По нашему мнению, человек имеет абсолютно надежные психологические индикаторы объема своего сознания: такие, как ощущение самоконтроля, саморегуляции, самоуправления. Иначе говоря, утрата сознания человеком начинается, когда самоконтроль подменяется внешним контролем, саморегуляция - внешней регуляцией, самоуправление - внешним управлением. Так сознание человека подменяется «сознанием» политической власти. Власть добивается ограничения сознания человека ограничением его свобод: самоконтроля – ограничением его личностных свобод, саморегуляции - ограничением экономических свобод, самоуправления – ограничением политических свобод.

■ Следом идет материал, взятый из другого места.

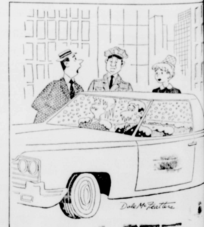
"I think something went wrong with their air conditioning!"
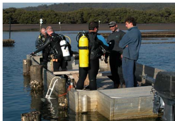
Volunteer divers in the Clyde River

В ленинградской психологической школе принято анализировать человека как носителя индивидных свойств, субъектных, личностных и свойств индивидуальности. (Ганзен В.А. Системные описания в психологии. Л., 1984., с. 159.). Тогда, строго говоря, самоконтроль присущ человеку как индивиду (пол, возраст, свойства нервной системы, конституция), саморегуляция - человеку как субъекту (воля, мышление, аффект, перецепция), самоуправление – человеку как личности (темперамент, характер, направленность, способности), самовоспитание – человеку как индивидуальности (индивидуальная история, индивидуальные особенности, опыт, продуктивность). Подобная систематизация Подобная соответствии с ленинградской принятой в
3. Первое психологическое измерение свободы: самоуправление личности (Политическая свобода)

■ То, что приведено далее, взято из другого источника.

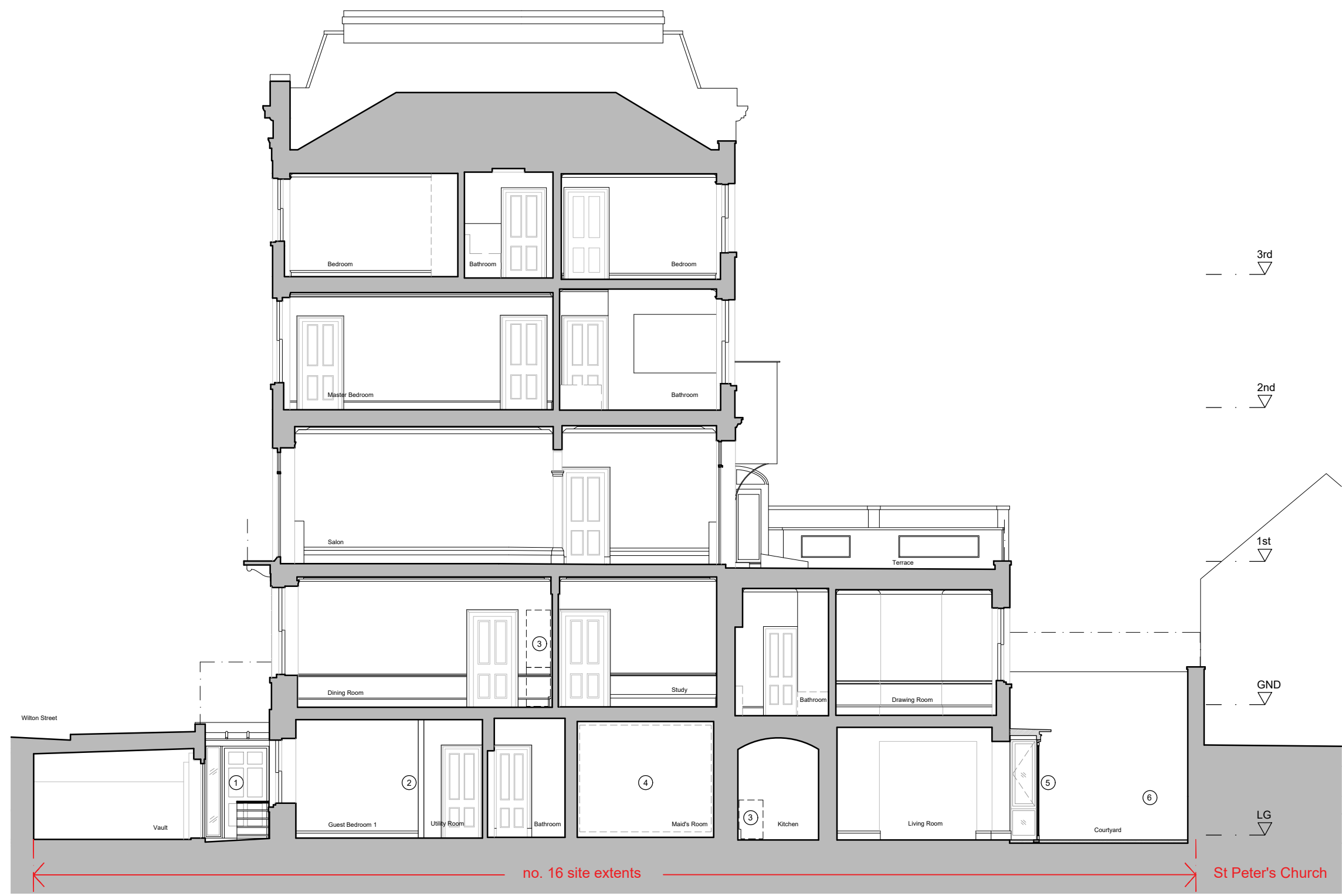
Section A-A as Proposed

Самоуправление присуще только сильной личности. Сила личности определяется силой веры человека в ценности, имеющие для него решающее значение. Вера человека всегда имеет формулировку. Вера много сильнее, чем социальные роли, права и обязанности, следующие из социального положения человека. Проявляется вера в форме самоуправления, которое часто относят к свойствам характера. Но если мотив не сформулирован словами, то человек не имеет мотива, и его поведение не мотивировано. В этом случае самоуправление ослаблено или отсутствует. Такого человека часто квалифицируют как психически незрелого. В случае отсутствия веры нет способности к самоуправлению. Тогда человек обнаруживает психическую незрелость, пытается негодными средствами разрешить конфликты, не понимает собственных проблем. Отнять у личности политическую свободу – значить лишить человека самоуправления. В таком состоянии он без сопротивления соглашается на введение внешнего управления – ограничение его политической свободы.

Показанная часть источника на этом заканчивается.